Something cool and sleek and positively 21st century has caught our attention recently: the digital tablet. The concept is simple: the functions and portability of a laptop, the in-hand feel of paper and pen, and the freedom of wireless. Soon you will be able to carry around a magic slate, checking out your favorite recipes from Epicurious while you cook, making hand-written notes directly onto the screen. Junior, armed with his own magic slate, can be downloading the latest game cheats in his room, while sis uses hers to read email from the backyard.

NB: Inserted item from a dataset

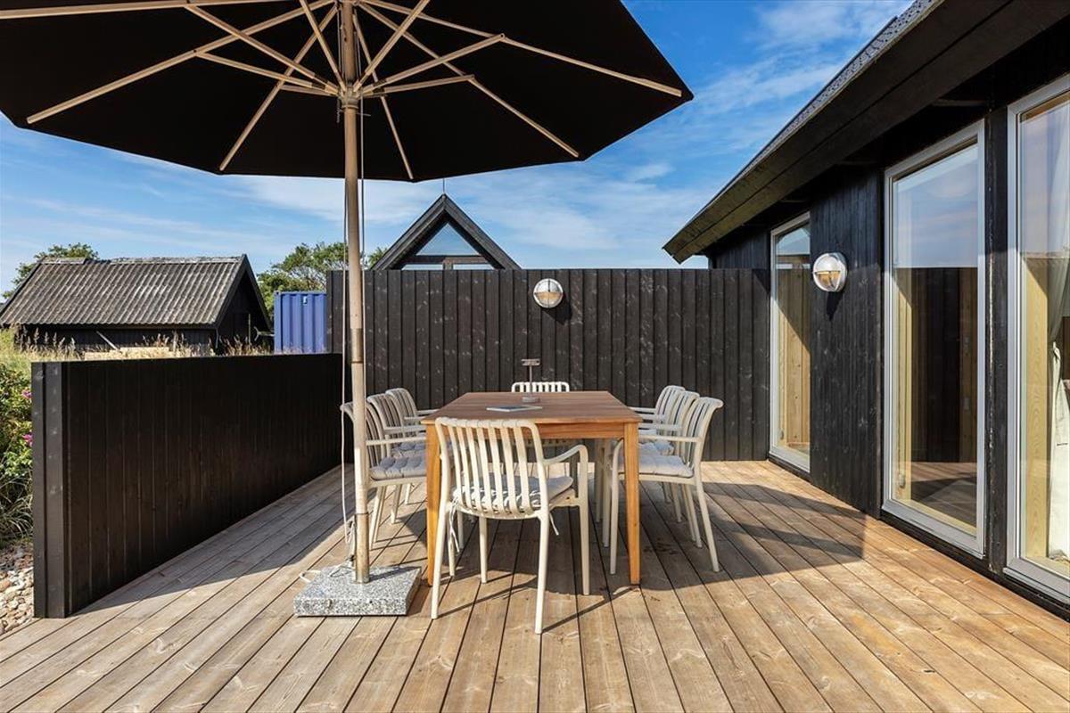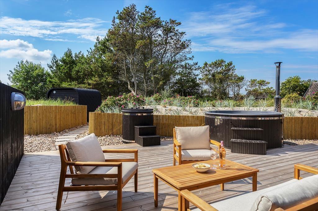 Das Ferienhaus liegt auf einem wunderschönen Naturgrundstück, umgeben von der wilden und unberührten Landschaft, für die Kandestederne bekannt ist. Auf der Terrasse können Sie die Ruhe genießen, den Vögeln lauschen und den Blick über die beeindruckende Natur schweifen lassen. Beginnen Sie den Tag mit einer Tasse Kaffee in der Morgensonne oder grillen Sie das Abendessen, während die Sonne langsam hinter den Dünen verschwindet. Die Umgebung lädt zu langen Spaziergängen durch die hügelige Dünenlandschaft ein, und die nahen Sandstrände bieten ideale Bedingungen für ein erfrischendes Bad.

IDEO, the hardware design firm of record, responsible for the Palm V and the Visor, recently conceptualized a portable "webslate" for Transmeta Corp. to show off its low-voltage, Linux-ready, Crusoe chip. Webslate's high-resolution, eight-inch touch screen will let you view Web pages and DVD movies without having to rely on the "impoverished display" of a PDA. The slim slate is designed to accommodate plug-in modules on any of its four sides -- including a camera for video conferencing, a GPS module for navigation, audio speakers and controls for digital music, and modules for Net gaming.

For those of you annoyed by the clacking of keyboards during meetings (second only to cell phone calls in restaurants), Microsoft's proto-hype Tablet PC may be the answer. The Tablet will combine the functionality of pagers, laptops, cell phones and PDAs into one unit, but wireless digital ink is the core innovation. The note-taking application on the Tablet PC will allegedly let you take notes by hand, manipulate them, move, highlight, save, search and sort your notes or the marginal scribble you make to screen text. Advances in key technologies such as handwriting recognition, battery life, display resolution, wireless networking and memory are all improving, making such devices as the PC Tablet possible.

Intel's answer to Microsoft is the Web Tablet, a lightweight high performance device that will give your family wireless Internet access beside the pool or at the breakfast table. Intel's market anthropologists found that the PC's location in the home -- the den or home office -- was out of sync with the free flow of today's family life. Using the AnyPoint Home Network (wireless or phone line systems available), the Web Tablet is designed to share the same Internet connections as your home PC, so family members can surf on Tablets and the PC at the same time without coming to blows over line-time. Use a Pentium 4-based system as your desktop PC/home server, hook yourself up to a high-speed Net connection, and the whole family will be able to climb into cyberspace whenever and wherever they want.

Internet appliance designers will admit (off the record) that they don't have a clue what technologies will end up in consumers' homes. Their philosophy is to throw anything and everything up against the wall to see what sticks. As a result, we have Web phones, refrigerators with IP addresses and microwaves with Web browsers on their doors. You don't have to be the sharpest tool in the shed to know that hardwiring today's computer (which is almost an antique by the time it's finished rolling off the assembly line) onto the front of your new Amana is probably not the smartest idea. We're casting our vote for the wireless Web tablet to become the ubiquitous digital home appliance of the near future.